Rethinking Metrics for Lexical Semantic Change Detection
arXiv:2602.15716v1 Announce Type: new Abstract: Lexical semantic change detection (LSCD) increasingly relies on contextualised language model embeddings, yet most approaches still quantify change using a small set of semantic change metrics, primarily Average Pairwise Distance (APD) and cosine distance over word prototypes (PRT). We introduce Average Minimum Distance (AMD) and Symmetric Average Minimum Distance (SAMD), new measures that quantify semantic change via local correspondence between word usages across time periods. Across multiple languages, encoder models, and representation spaces, we show that AMD often provides more robust performance, particularly under dimensionality reduction and with non-specialised encoders, while SAMD excels with specialised encoders. We suggest that LSCD may benefit from considering alternative semantic change metrics beyond APD and PRT, with AMD offering a robust option for contextualised embedding-based analysis.
arXiv:2602.15716v1 Announce Type: new Abstract: Lexical semantic change detection (LSCD) increasingly relies on contextualised language model embeddings, yet most approaches still quantify change using a small set of semantic change metrics, primarily Average Pairwise Distance (APD) and cosine distance over word prototypes (PRT). We introduce Average Minimum Distance (AMD) and Symmetric Average Minimum Distance (SAMD), new measures that quantify semantic change via local correspondence between word usages across time periods. Across multiple languages, encoder models, and representation spaces, we show that AMD often provides more robust performance, particularly under dimensionality reduction and with non-specialised encoders, while SAMD excels with specialised encoders. We suggest that LSCD may benefit from considering alternative semantic change metrics beyond APD and PRT, with AMD offering a robust option for contextualised embedding-based analysis.
Executive Summary
The article 'Rethinking Metrics for Lexical Semantic Change Detection' challenges the conventional reliance on Average Pairwise Distance (APD) and cosine distance over word prototypes (PRT) in lexical semantic change detection (LSCD). The authors introduce two new metrics, Average Minimum Distance (AMD) and Symmetric Average Minimum Distance (SAMD), which quantify semantic change by focusing on local correspondence between word usages across different time periods. The study demonstrates that AMD often provides more robust performance, particularly under dimensionality reduction and with non-specialised encoders, while SAMD excels with specialised encoders. The findings suggest that LSCD methodologies could benefit from incorporating alternative semantic change metrics beyond the traditional APD and PRT.
Key Points
- ▸ Introduction of new metrics (AMD and SAMD) for LSCD.
- ▸ AMD shows robust performance under various conditions.
- ▸ SAMD excels with specialised encoders.

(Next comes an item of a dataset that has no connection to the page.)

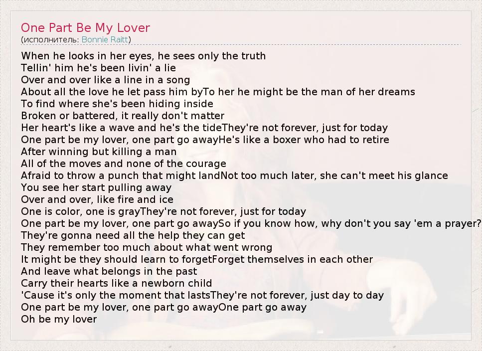 А как ты думаешь, о чем песня "One Part Be My Lover" ?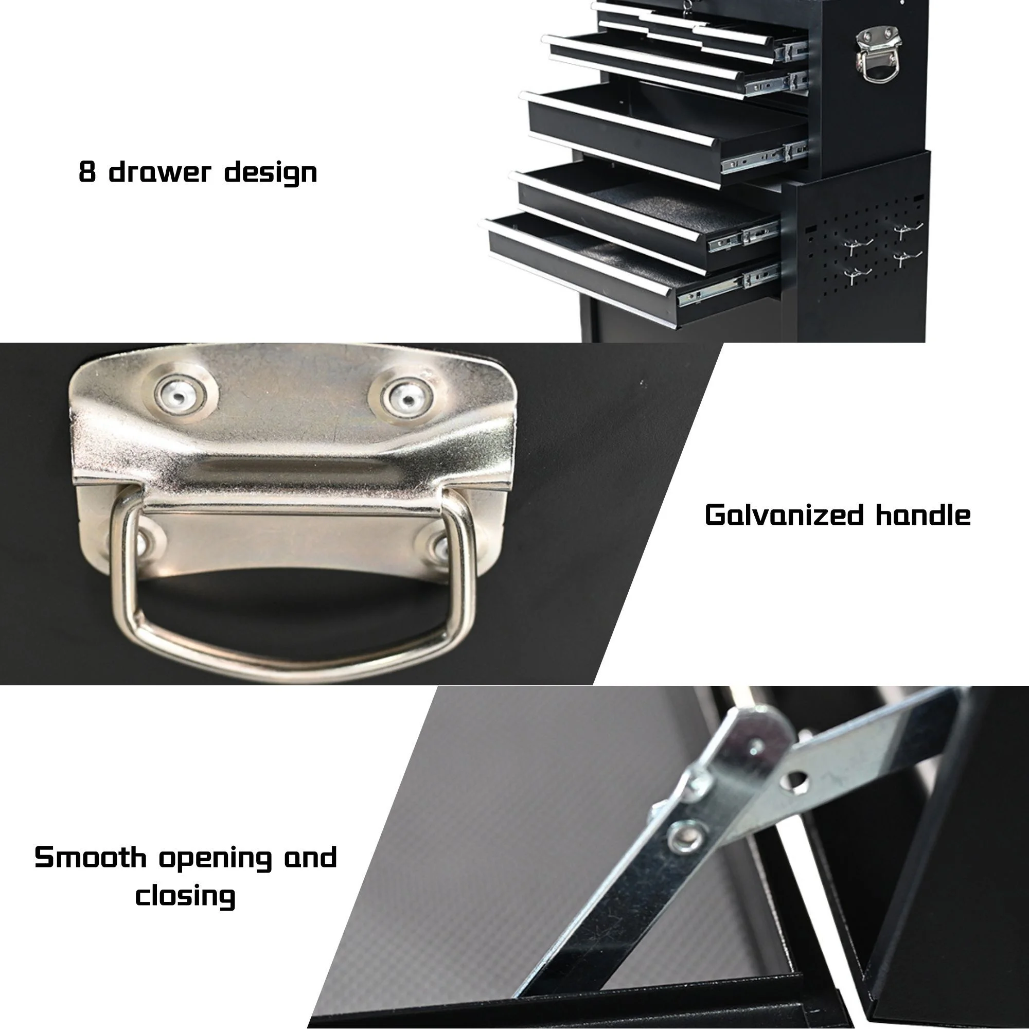 - The combination tool cart has a total of 8 drawers, 1 base cabinet, and hook holes on the side, which can be used and has a large storage space.

- ▸ Recommendation to consider alternative metrics for LSCD.
Merits
Innovative Metrics
The introduction of AMD and SAMD provides new tools for measuring semantic change, potentially improving the accuracy and robustness of LSCD.
Comprehensive Evaluation
The study evaluates the new metrics across multiple languages, encoder models, and representation spaces, providing a thorough assessment of their performance.
Practical Implications
The findings offer practical insights for researchers and practitioners in the field of natural language processing and computational linguistics.
Demerits
Limited Scope
The study focuses primarily on contextualised language model embeddings, which may limit the generalisability of the findings to other types of semantic change detection methods.
Complexity of Metrics
The introduction of new metrics adds complexity to the LSCD process, which may require additional computational resources and expertise to implement effectively.
Potential Bias
The performance of AMD and SAMD may be influenced by the choice of encoder models and representation spaces, which could introduce bias into the results.
Expert Commentary
The article 'Rethinking Metrics for Lexical Semantic Change Detection' presents a significant advancement in the field of lexical semantic change detection by introducing two novel metrics, AMD and SAMD. The study's rigorous evaluation across multiple languages, encoder models, and representation spaces underscores the robustness and potential of these new metrics. The findings suggest that AMD is particularly effective under conditions of dimensionality reduction and with non-specialised encoders, while SAMD performs exceptionally well with specialised encoders. This differentiation highlights the importance of selecting appropriate metrics based on the specific context and requirements of the analysis. The study's comprehensive approach and innovative contributions offer valuable insights for researchers and practitioners in natural language processing and computational linguistics. However, the complexity introduced by these new metrics and the potential for bias in their performance warrant further investigation. Overall, the article provides a compelling case for reconsidering the traditional reliance on APD and PRT and embracing a more nuanced and context-aware approach to lexical semantic change detection.
Recommendations
- ✓ Further research should explore the applicability of AMD and SAMD to other types of semantic change detection methods beyond contextualised language model embeddings.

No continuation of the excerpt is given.